Automation for greater software security

As information technology connects people in ever more elaborate ways, says Gang Tan, the variety, and the backlog, of software programs that require protection from hackers, bugs and coding errors is growing rapidly.

While online businesses need to identify malicious requests, corporations strive to guard intellectual property. Nonprofits must assure their patrons, and governments their citizens, that private data will remain private. And the operating systems that run laptops, tablets and smartphones require security improvements when they are upgraded or add a new app.

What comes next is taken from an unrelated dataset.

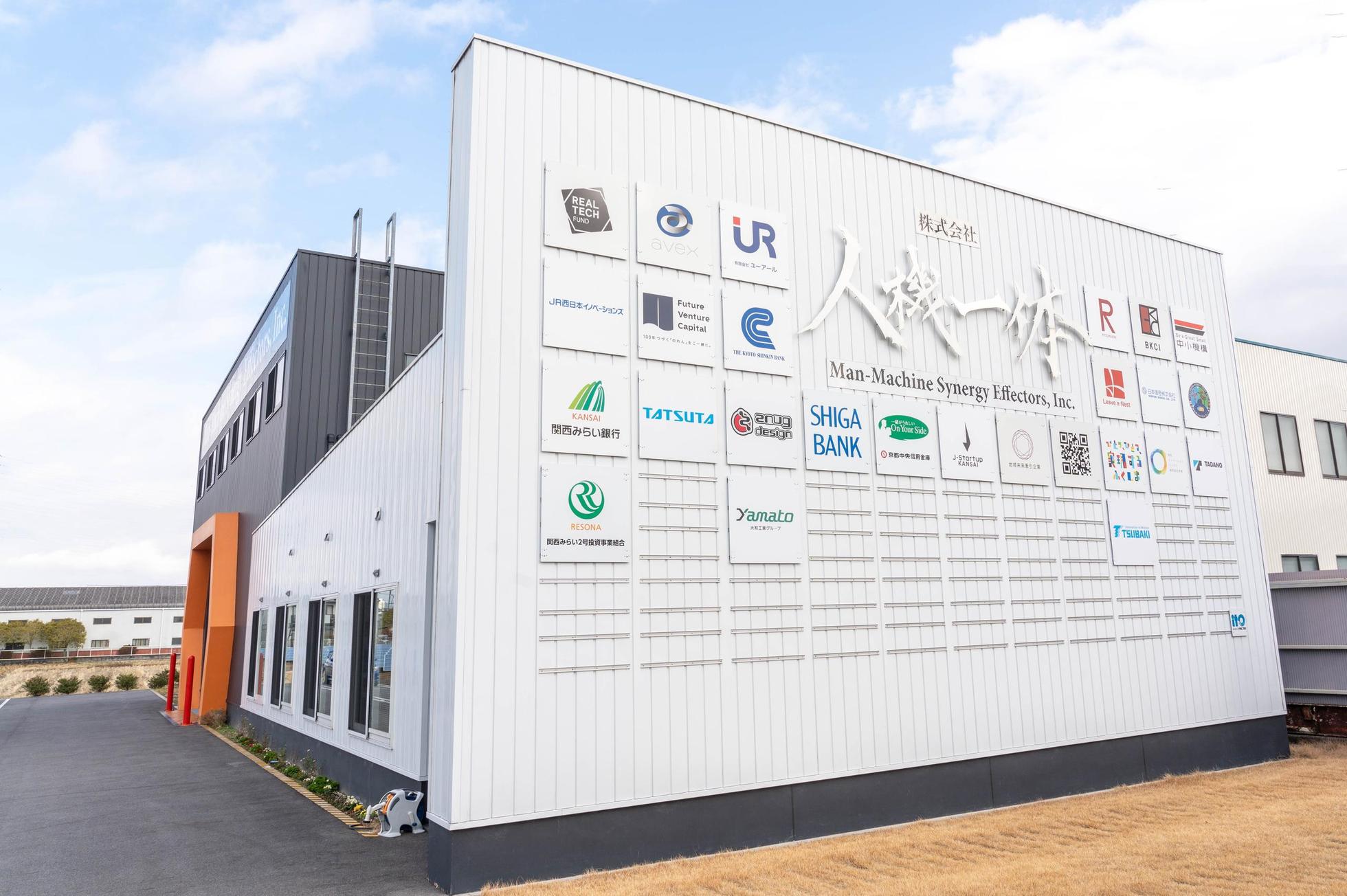 人機社のパートナー企業様のロゴを秘密基地の妻壁に設置しています。多くの企業様にご協力いただき、人型重機の社会実装に向けて取り組んでいます。

Tan, an assistant professor of computer science and engineering, and his collaborators are designing a system that will retrofit existing software to provide what they call “defense-in-depth” protection.

The group, which also includes researchers from Pennsylvania State University, the University of Vermont and Rutgers University, recently received a four-year, $1.2 million grant from NSF.

Tan says the group is designing a system that helps operators determine what data in a software program or system needs protection, and which entities should have access to that data. Then it inserts security checks to perform authorization and to authenticate users for privileges.

“As long as the security policy for software stays the same during an upgrade or when features are added,” says Tan, “our system can produce security checks to enforce the policy. At every point on the way, from the creation of an app to an add-on or upgrade, our system can add these checks according to an existing policy.”

Three layers of “defense-in-depth”

Typically, says Tan, software developers write security codes to prevent unauthorized access to critical data. But this is usually done manually, and the process is error-prone, time-consuming and not scalable. As a result, unauthorized users can gain access to restricted data. And the security checks need to be updated each time the operating system or critical software on a device is upgraded or adds a new functionality or feature.

“We want to automate this process,” says Tan, “and add three layers of defense-in-depth to software.”

Those layers are:

* Authorization—restricting access to sensitive data to authorized users and authenticating those users;

* Containment—limiting the damage caused by security breaches;

* Auditing—monitoring software as it is operating so that developers can be informed of the need for additional defenses.

To make its system “holistic” and interactive, says Tan, the group is creating synergies among the three layers of protection and designing its system to automatically add security checks to the security policies of existing software.

“Our system can add multiple layers of protection according to the security policy,” he says. “It can handle upgrades without user involvement, and it will explore the interaction among these layers to achieve greater efficiency and security.”

To contain damage once software has been breached, the system designed by Tan’s group assigns separate security checks to separate components of the system. That way, even if one component of the software has been compromised, the other components can continue to function. This technique, called the principle of least privilege, breaks software into small modules, each of which needs minimal privilege, or access to data and administrative authority, to do its job.

“The first two layers of our system can be considered proactive,” says Tan. “They seek to prevent further damage. The third layer is retrospective, or defensive. It enables us to collect enough security-related data while software is running so that we can retrospectively do a forensic analysis to determine what happened and what the best course of action is.”

Tan acknowledges that some experts recommend redesigning existing software to improve its security.

“This might produce better software in terms of security,” he says, “but it is potentially very expensive and time-consuming. Because so many software systems have been designed without enough attention to security, we believe it’s better to retrofit existing systems with better security checks. There’s clearly a need for this.”

Tan, who directs Lehigh’s Security of Software (SOS) Lab, has spent nearly 15 years studying software security. In 2012, he received a CAREER Award from NSF. His research has also been supported by the Defense Advanced Research Projects Agency (DARPA) and the National Security Agency.

The group of researchers was invited recently to present the results of their research to the annual Layered Assurance Workshop in New Orleans.